Как всякий офицер невысокого полёта, я традиционно не люблю штабных.
— Мы там! В окопах…! Кормим вшей, бьём врагов, защищаем Родину…! А они! В тепле! Только и умеют, что бумажки перекладывать да бабёнок щупать…
Без человека, который умел бы грамотно «перекладывать бумажки» — мы бы то кубло на Сатисе не вычистили бы. Или вычистили бы — я, всё-таки, ДДДД. Но крови нахлебались бы.
Штабисты — нужны. Пора уменьшать партизанщину, усиливать регулярщину. Потому что усложняются задачи, увеличивается размер используемых формирований. А, к примеру, войсковые разведчики из тяжёлых копейщиков Салмана… никакие.
Разведка, картография, медицина, материально-техническое, учёт личного состава и поголовья…
Пока отряд маленький — это всё забота командира. Но уже на уровне сотни бойцов… и задача стала географически обширнее.
Буду точен: есть и ещё «смягчающее». Ввязываясь в эту историю, я «видел» только Пичай-городок, только Тешу. Предполагал, из-за отсутствия иной информации, что заговор — локальный. Но эрзя населяют сейчас значительно большую территорию, от Оки до Суры.
Я об этом не подумал. А человека, который бы перебрал все возможные варианты, хотя бы — назвал их, включая «всенародное» восстание, у меня нет.
Нужна специализация. Подобно тому как в эту эпоху рассыпают рыцарские «копья» на Западе, выделяя «рода войск»: пехота/конница, копейщики/лучники, сводимые в отдельные однородные отряды, так и мне необходимо к уже специализированным по оружию/функциям бойцам добавлять обеспечивающие и вспомогательные подразделения. Нестроевые.
Очень не хочется: кормить-то всех надо. Нельзя допустить аналога рыцарского отряда. Где полноценным бойцом считается один-два, а душ — 10-15-50… Даже «посошная рать» времён Ивана Грозного — много, тяжело, разорительно.

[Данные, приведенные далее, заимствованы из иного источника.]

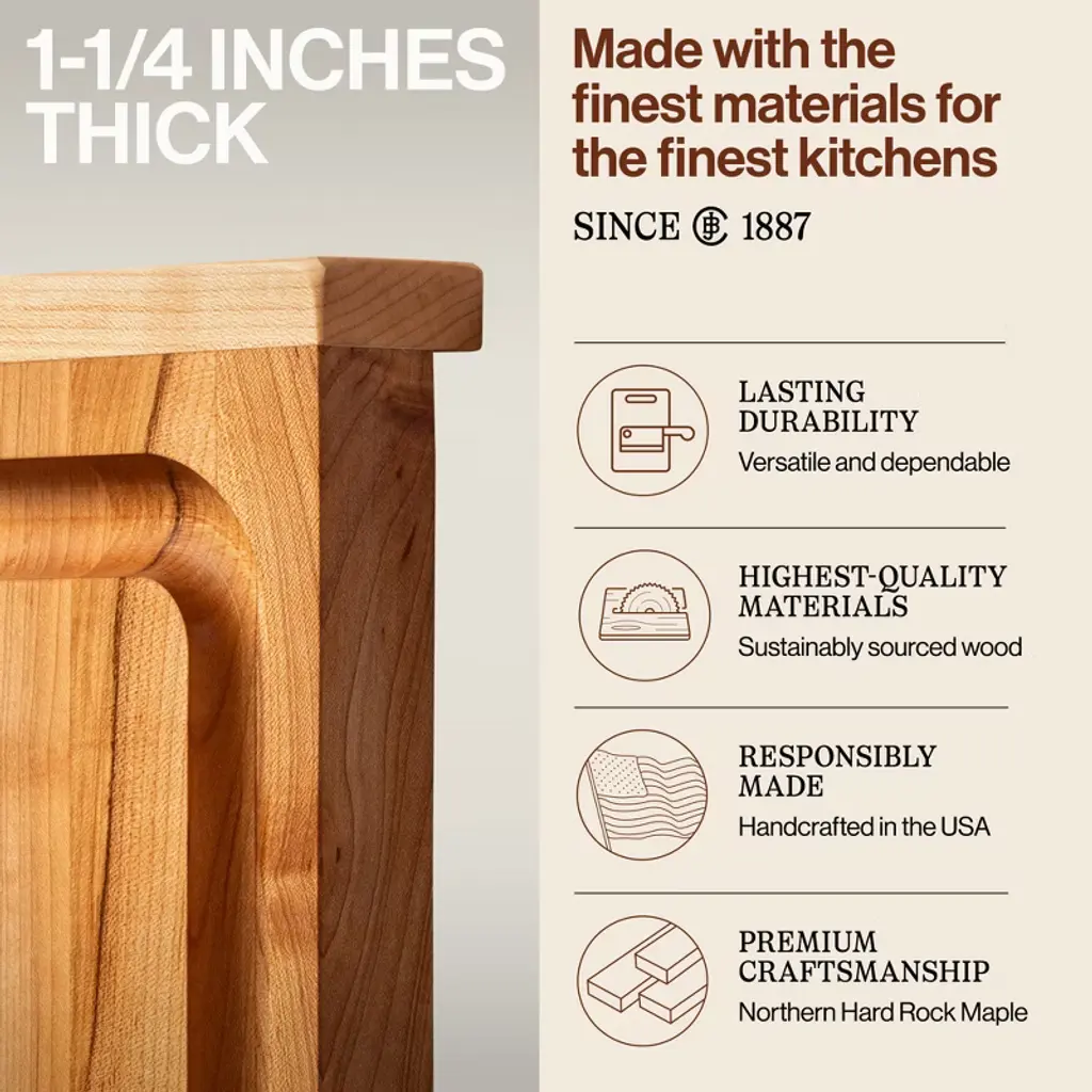 Made in our home and crafted for yours, the John Boos Countertop Collection wooden cutting board is a kitchen essential for BBQ aficionados and culinary enthusiasts. Handcrafted from high-quality wood and made in the USA, this professional cutting board is designed with a countertop lip to prevent the cutting board from sliding during chopping and slicing for a reliable cutting foundation. Featuring a substantial 1.25-inch thickness, this cutting board offers a sturdy and reliable cutting surface for all your culinary needs. The reversible board features a convenient juice groove on one side, preventing liquids from spilling onto your countertop surface and ensuring a mess-free cooking experience. This expertly crafted tool features an oil finish that enhances the natural beauty of the wood board while offering added protection against moisture and daily wear. Maintain the bevel, sand minor scratches, and follow simple maintenance solutions found in our kitchen cutting board care and usage sheet to ensure longevity and optimal performance. For additional care, we recommend using our Boos Block Mystery Oil and Board Cream (sold separately) to revitalize and protect the wood fibers and wooden surface. Since 1887, John Boos & Co. products have been the choice for renowned chefs and restaurateurs worldwide. Through a legacy of workmanship, innovation, and devotion stemming from our founder to employees past and present, John Boos & Co. aspires to be recognized worldwide as a touchstone at the heart of cooking and the enjoyment of food.

В эту эпоху, пожалуй, самое аскетическое «штатное расписание» — у тамплиеров. Рыцарь, слуга, три коня. Четвёртая лошадь — только по личному разрешению магистра. На марше слуга с вьючной лошадью идёт впереди.
Забавно: минных полей ещё нет. Но братья-рыцари хотят, чтобы слуги были «постоянно на глазах».

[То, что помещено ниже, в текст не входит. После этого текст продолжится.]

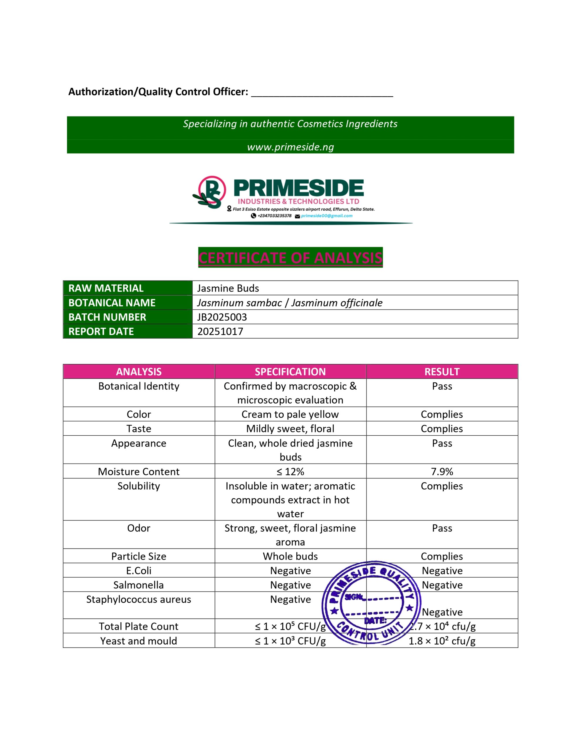 INCI NAME: Jasmine Officinalis
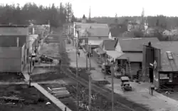 In October 1913, the city experienced a major fire which destroyed numerous buildings and businesses, including a restaurant, livery stable, and saloon, all located on the south side of the Main Street (contemporarily Proctor Boulevard).[13] A concrete replacement of the restaurant and saloon was subsequently erected, marking the first concrete building in the city.[13] The Clackamas County Bank was established in Sandy in 1916.[1] As of 2018, the bank remains the oldest community bank in the state of Oregon.[1]
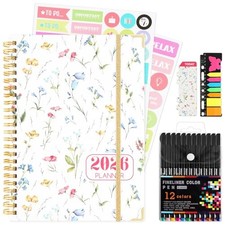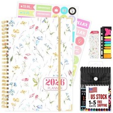 2026 Planner, Daily Weekly Monthly Planner with Tabs, 2026 monthly planner with Color Pen, Sticky Notes and Stickers, 6.2" x 8.5", Durable Twin Wire Binding, Storage Pocket - Floral Multicolor. Durable & Stylish Planner: Durable hardcover with 4 corner protectors make this 2026 planner durable and to protect the inner pages better.
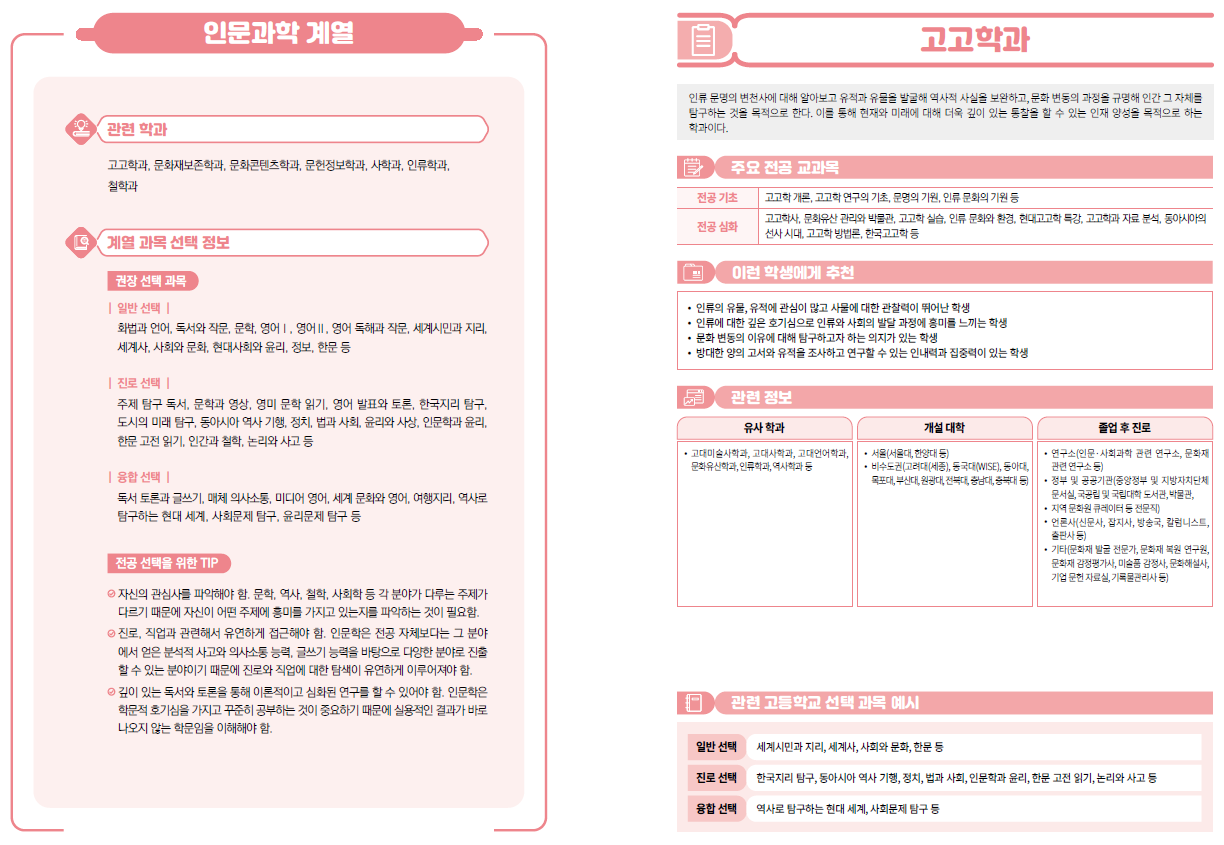 2022개정 고등학교 선택과목 인문계열- 국어국문,영어영문,동양어,서양어, 통번역,고고학,문화재보존,문화콘텐츠, 문헌정보,사학,인류,철학

Для моих формирований даже тамплиеровские структуры — избыточны. Но кое-что нестроевое, специализированное… — уже необходимо.
Крик души: «Менеджменту бы мне! И — побольше!». А то — всё геройничаю. Вот, сам напрягся и про миног вспомнил… Позорище! «Размер имеет значение» — система стала больше моей «свалки». «Не лизе».

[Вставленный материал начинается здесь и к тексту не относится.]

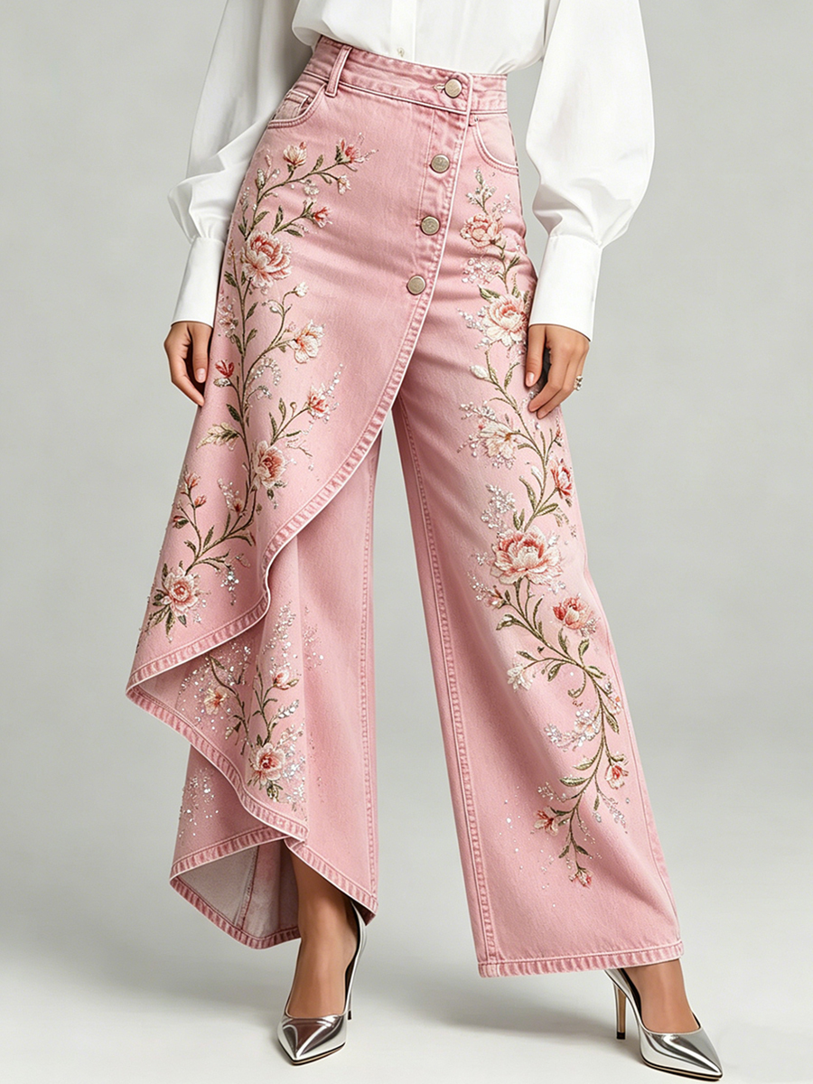 Women's Flower Art Print Trousers

Как-то я у своих коллег-попандопул про такую… «мемориальную импотенцию», в смысле: всего не упомнишь — не встречал.
Хуже: у меня вырастают неплохие «головы». В приказах, в мастерах, в тиунах… Разумные, энергичные, решительные… А вот стаи маленьких долбодятликов, которые знают, помнят, чуть что — «вот справка» — не наблюдается. А ведь «знать» — это так здорово, приятно! Какая затыка, а ты сразу: «аналогичный случай был в Бердичеве». И — все уважают.
Два разных психотипа, разные «Вороны Одина». Один — знает, помнит. Другой — думает, решает. «Свалка» и «молотилка». Хорошо, конечно, когда обе сущности в одном мозгу. Но система переросла размером одну человеческую голову. А я, увы, не Змей Горыныч.
Факеншит! Мечта руководителя — былинный змей. Не потому, что летающий, огнедышащий и девок в пещеру таскает, а потому, что мозгов больше.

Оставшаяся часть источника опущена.